▶ [WHAT YOU SHOULD DO]:
Starting with the line with "ΤΟΠΙΚΑ 10 Οκτωβρίου, 2014" in the entries below and going on through the line with "书院的一层是新书售卖区,高耸", output every line exactly and nothing more. No pictures.

▶ [DATASET]:

***

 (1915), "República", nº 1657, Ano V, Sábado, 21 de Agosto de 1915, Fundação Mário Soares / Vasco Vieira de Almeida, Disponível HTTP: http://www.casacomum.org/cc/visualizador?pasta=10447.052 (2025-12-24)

***

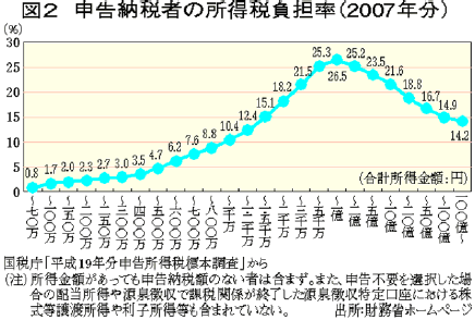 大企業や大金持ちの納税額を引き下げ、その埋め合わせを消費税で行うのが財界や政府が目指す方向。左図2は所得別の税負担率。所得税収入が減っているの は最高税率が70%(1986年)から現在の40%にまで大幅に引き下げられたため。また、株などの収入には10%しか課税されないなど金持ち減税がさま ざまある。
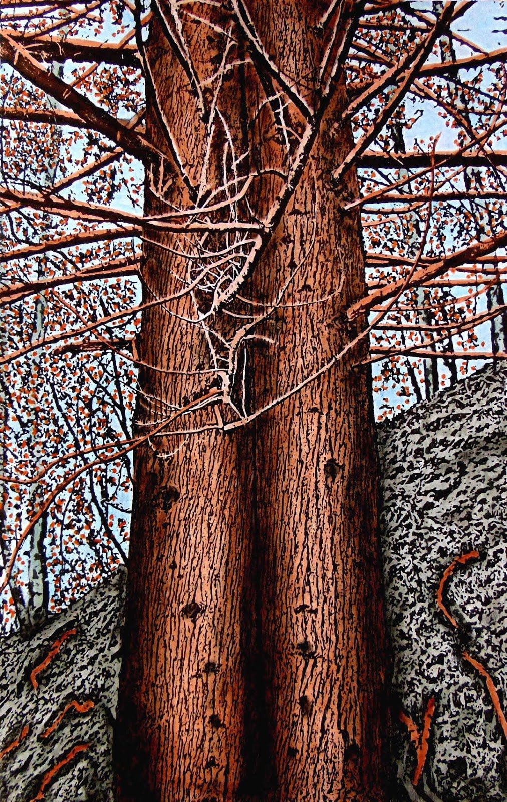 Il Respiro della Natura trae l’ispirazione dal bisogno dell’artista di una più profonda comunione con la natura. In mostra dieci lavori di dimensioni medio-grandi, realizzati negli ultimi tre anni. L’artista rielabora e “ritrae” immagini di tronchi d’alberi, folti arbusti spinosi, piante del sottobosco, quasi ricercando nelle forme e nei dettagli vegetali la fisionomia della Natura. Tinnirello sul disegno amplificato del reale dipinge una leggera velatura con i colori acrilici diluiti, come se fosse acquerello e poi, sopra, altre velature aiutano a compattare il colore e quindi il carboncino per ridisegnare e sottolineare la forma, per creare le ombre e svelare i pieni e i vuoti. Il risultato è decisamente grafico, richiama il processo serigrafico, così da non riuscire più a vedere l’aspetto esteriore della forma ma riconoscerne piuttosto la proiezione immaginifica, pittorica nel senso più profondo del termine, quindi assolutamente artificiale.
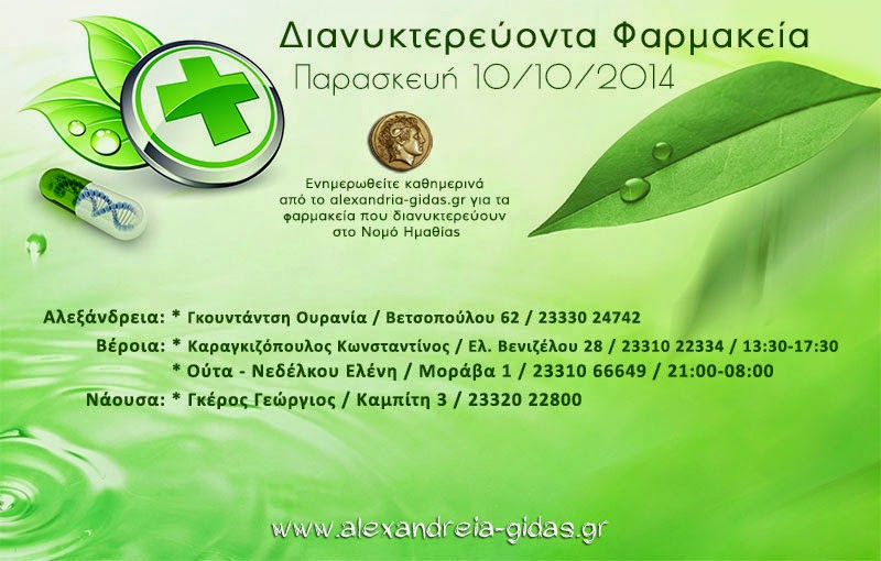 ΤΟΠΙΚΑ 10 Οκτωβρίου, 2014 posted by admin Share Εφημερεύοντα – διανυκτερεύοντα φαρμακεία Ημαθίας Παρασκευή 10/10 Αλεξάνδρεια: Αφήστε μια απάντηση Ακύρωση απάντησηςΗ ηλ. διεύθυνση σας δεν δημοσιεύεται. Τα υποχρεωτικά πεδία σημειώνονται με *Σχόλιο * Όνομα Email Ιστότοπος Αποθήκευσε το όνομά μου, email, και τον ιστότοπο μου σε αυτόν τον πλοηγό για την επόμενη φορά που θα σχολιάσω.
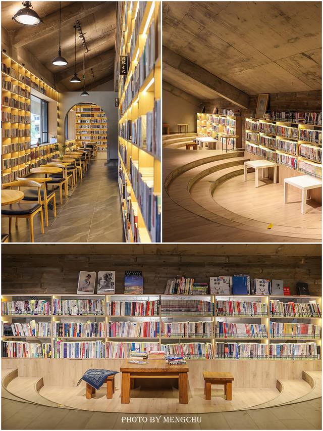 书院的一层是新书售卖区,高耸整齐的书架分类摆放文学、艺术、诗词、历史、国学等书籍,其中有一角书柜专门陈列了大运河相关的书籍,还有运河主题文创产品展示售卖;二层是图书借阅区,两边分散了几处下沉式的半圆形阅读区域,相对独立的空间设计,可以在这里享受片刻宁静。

***

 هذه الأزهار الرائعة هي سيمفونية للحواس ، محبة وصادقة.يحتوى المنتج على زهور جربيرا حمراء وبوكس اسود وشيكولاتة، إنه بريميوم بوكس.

***

▶ [TASK SOLUTION]:
 ΤΟΠΙΚΑ 10 Οκτωβρίου, 2014 posted by admin Share Εφημερεύοντα – διανυκτερεύοντα φαρμακεία Ημαθίας Παρασκευή 10/10 Αλεξάνδρεια: Αφήστε μια απάντηση Ακύρωση απάντησηςΗ ηλ. διεύθυνση σας δεν δημοσιεύεται. Τα υποχρεωτικά πεδία σημειώνονται με *Σχόλιο * Όνομα Email Ιστότοπος Αποθήκευσε το όνομά μου, email, και τον ιστότοπο μου σε αυτόν τον πλοηγό για την επόμενη φορά που θα σχολιάσω.
 书院的一层是新书售卖区,高耸整齐的书架分类摆放文学、艺术、诗词、历史、国学等书籍,其中有一角书柜专门陈列了大运河相关的书籍,还有运河主题文创产品展示售卖;二层是图书借阅区,两边分散了几处下沉式的半圆形阅读区域,相对独立的空间设计,可以在这里享受片刻宁静。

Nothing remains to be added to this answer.